Yes, agreed Anthea Hansen, general manager of Del Puerto, but the ruling doesn’t stop the project.

“I don’t think that it really impacts our schedule,” Hansen said. “The one thing it does do is put the work that we needed to do on the road relocation, it puts that front and center now.”

At a Nov. 4 Exchange Contractor Authority board meeting, the group’s attorney said there had been some uncertainty about where to place the Del Puerto Canyon Road when the project was finalized. The county had disapproved of the proposed placement, he added.

The proposed dam would cover 800 acres and hold 82,000 acre feet of water. Some of the water would be captured from Del Puerto creek but other supplies, up to 40,000 acre feet, would be diverted from the Delta-Mendota Canal from the Exchange Contractors’ federal allocation, according to court documents.
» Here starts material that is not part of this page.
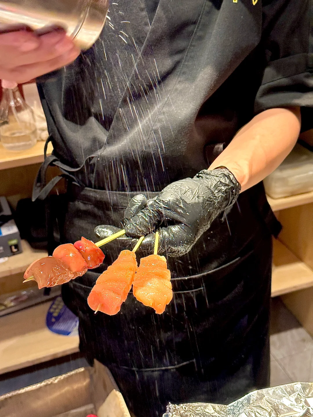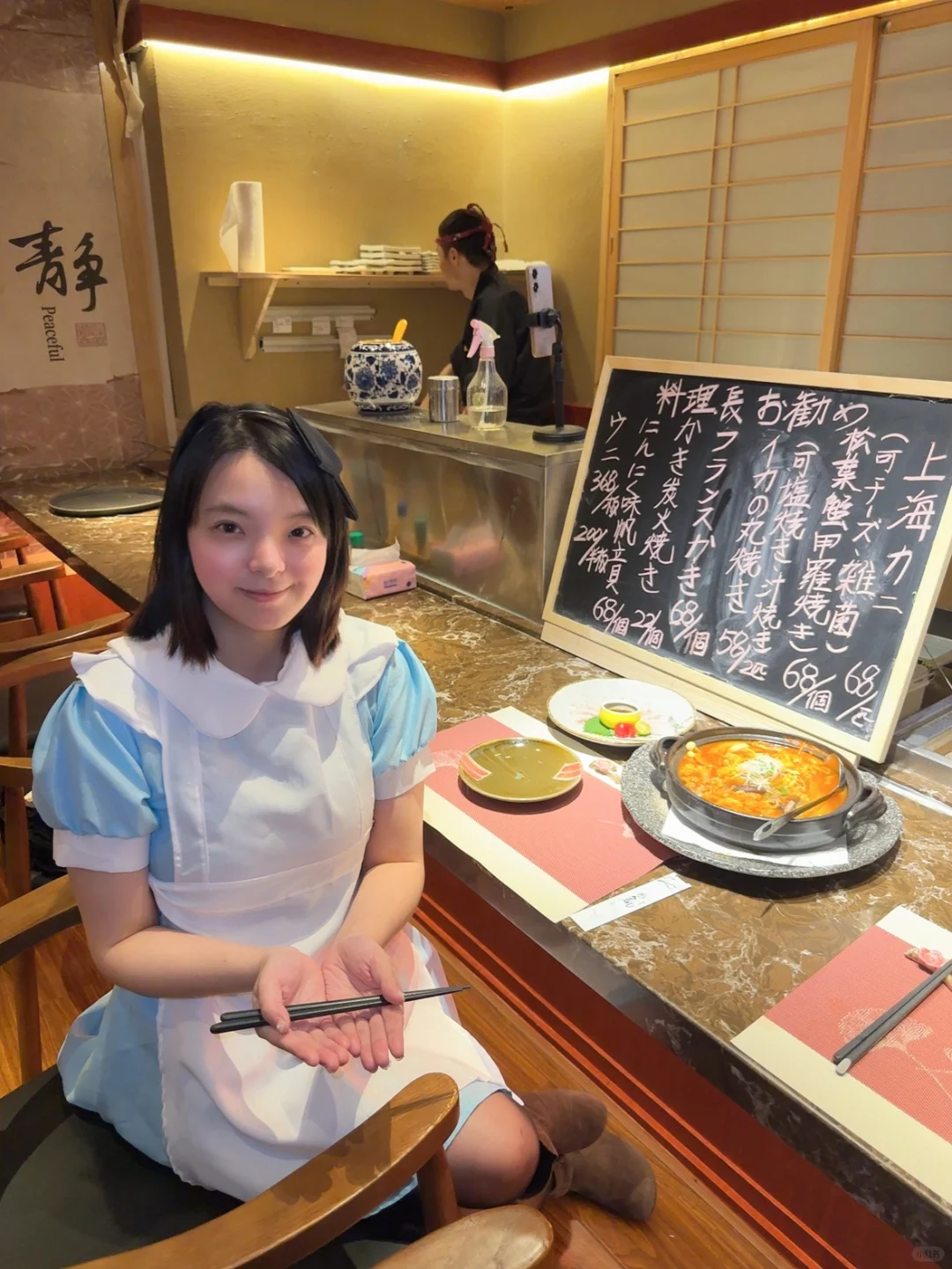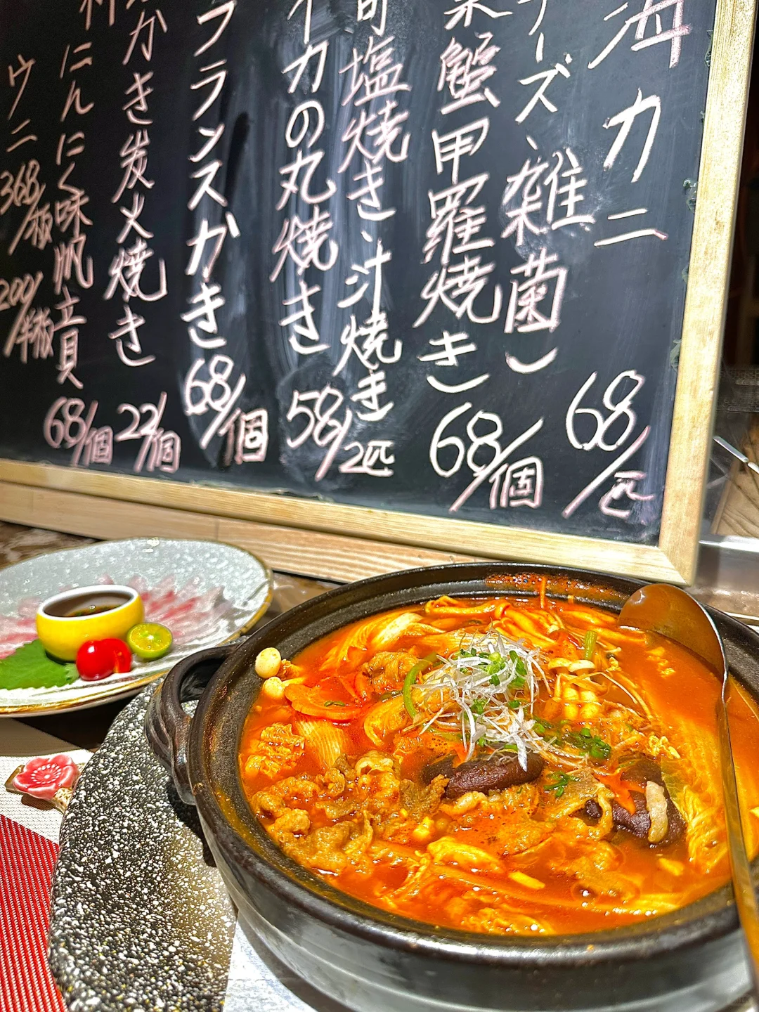 林和西开到凌晨四点的日料店,这里的日式居酒屋暖光装修,进门就感到温馨上下两层楼,这里除了卡座、榻榻米包厢,还有板前的位置,日语手写菜单,可以近距离观看师傅制作烧鸟或者炉端烧,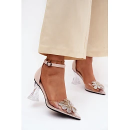 Přidání recenze k Lodičky na podpatku s lesklým zdobením model 22126165 Béžové - VINCEZA

It was that canal diversion that caused concern among contractors on the Friant Division of the Central Valley Project.

The Friant group asserted that the dam could allow Exchange Contractors to hold on to water in flush years and still demand a full allocation from the federal Bureau of Reclamation in dry years, which could affect their supplies.

The judge ruled there was no evidence that the Exchange Contractors had, essentially, hoarded water to Friant’s detriment.
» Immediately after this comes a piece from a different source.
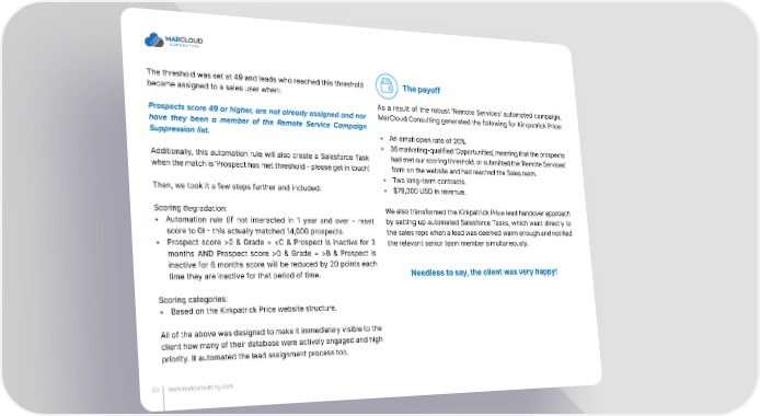 The threshold was set at 49 and leads who reached this threshold The payoff became assigned to a sales user when: As a result of the robust ‘Remote Services’ automated campaign, Prospects score 49 or higher, are not already assigned and nor MarCloud Consulting generated the following for Kirkpatrick Price: have they been a member of the Remote Service Campaign Suppression list. • An email open rate of 26%. • 36 marketing-qualified ‘Opportunities’, meaning that the prospects Additionally, this automation rule will also create a Salesforce Task had met our scoring threshold, or submitted the ‘Remote Services’ when the match is ‘Prospect has met threshold - please get in touch’. form on the website and had reached the Sales team. • Two long-term contracts. Then, we took it a few steps further and included: • $78,000 USD in revenue. Scoring degradation: We also transformed the Kirkpatrick Price lead handover approach • Automation rule (if not interacted in 1 year and over - reset by setting up automated Salesforce Tasks, which went directly to score to 0) - this actually matched 14,000 prospects. the sales reps when a lead was deemed warm enough and notified • Prospect score >0 & Grade = 0 & Grade = >B & Prospect is inactive for 6 months score will be reduced by 20 points each time they are inactive for that period of time. Needless to say, the client was very happy! Scoring categories: • Based on the Kirkpatrick Price website structure. All of the above was designed to make it immediately visible to the client how many of their database were actively engaged and high priority. It automated the lead assignment process too. 30 marcloudconsulting.com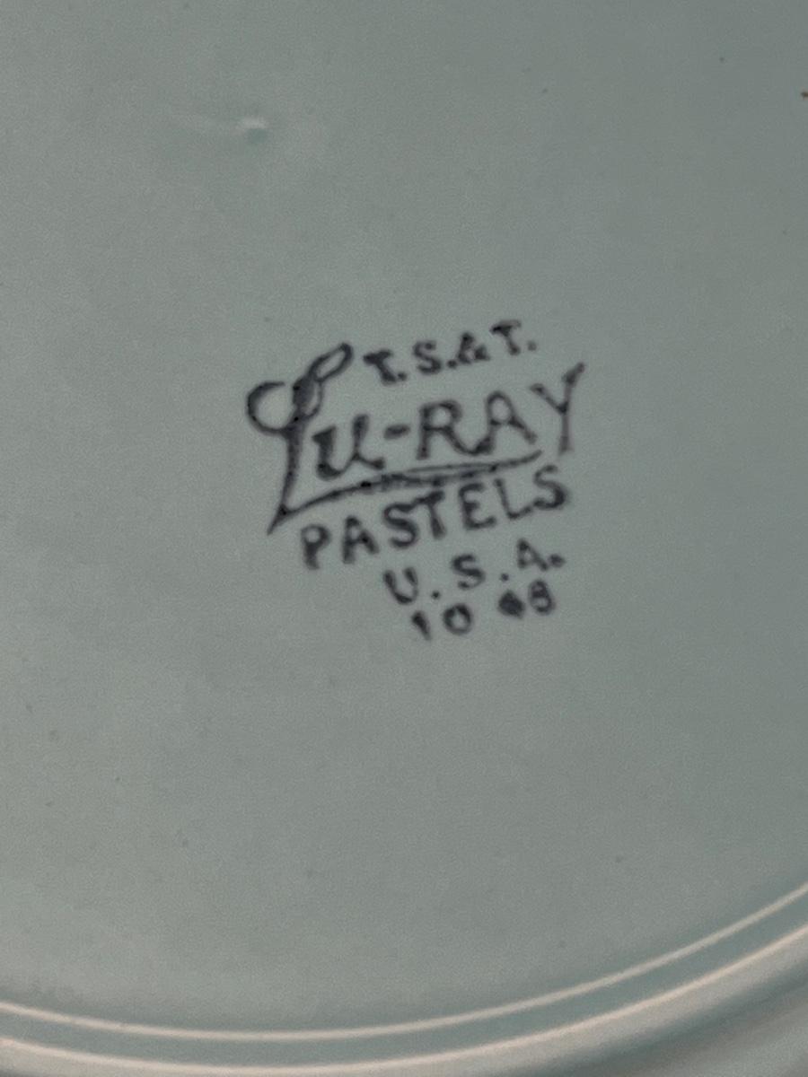 Green LuRay Vintage Pastels Dinner Plates (8). Please see all pictures as they are the best representation of the items. The pictures show condition, measurements if taken, and what is included in the lot. Due to the large amount that we photograph and the time frame, we are not always able to take measurements. All items unless noted, are pre-owned and have been used. If you purchased furniture, you must bring help. We do not allow one person to carry large furniture out on their own. Bring help, tools and a truck for the safety of our client’s homes, and your personal safety. Any damages that result to the property including walls, and floors due to moving of the furniture will be charged to the buyer. Company policy. Thank you.

That lack of evidence, the judge wrote in his Nov. 3 ruling, “…is fatal to Friant’s factual contention.”

The often fraught relationship between the Exchange Contractors and Friant Division contractors goes back to the formation of the Central Valley Project in the 1930s.

The Federal Government built the Friant Dam to create Millerton Lake on the San Joaquin River near Fresno in order to bring that water to farms and towns all the way south to Arvin. But there were already farmers along the western portion of the San Joaquin River using that water. 

So, the feds contracted with those water users promising to provide them water from the Sacramento-San Joaquin Delta through the Delta-Mendota Canal in “exchange” for their river water. 

That contract has resulted in the delivery of about 840,000 acre feet in normal years and 650,000 acre feet in dry years to the Exchange Contractors, a group of four agricultural water districts that stretch from Mendota in western Fresno County north to near the City of Patterson. 

Exchange Contractor districts

 

It’s the dry year allocations that can, and have, had a major impact on supplies to Friant contractors. 

In fact, this year, Friant contractors received only 20% of their allocated water partly because the Bureau of Reclamation had to dip into Friant supplies held in Millerton to fulfill its obligation to the Exchange Contractors.

During the extreme drought of 2014 and 2015, Friant contractors received 0% of their allocation so the feds could supply the Exchange Contractors, who then sold some water back to Friant.

The federal contract with the Exchange Contractors is open for renegotiation this year and there have been calls from environmental groups as well as the Los Angeles Times editorial board for the feds to strike a more even deal. 

In a letter to the Bureau of Reclamation, the Natural Resources Defense Council claims the contract has been so lopsided on behalf of the Exchange Contractors, that those districts have actually received more water than they would have if the San Joaquin River had never been dammed.

Exchange Contractors would have to agree to any proposed changes in the contract.

At the Nov. 4 Exchange Contractor meeting, directors referenced an earlier statement in which they said they were “in conversation” with the Bureau of Reclamation, but that they would not agree to change the contract.

Directors said they would seek other solutions.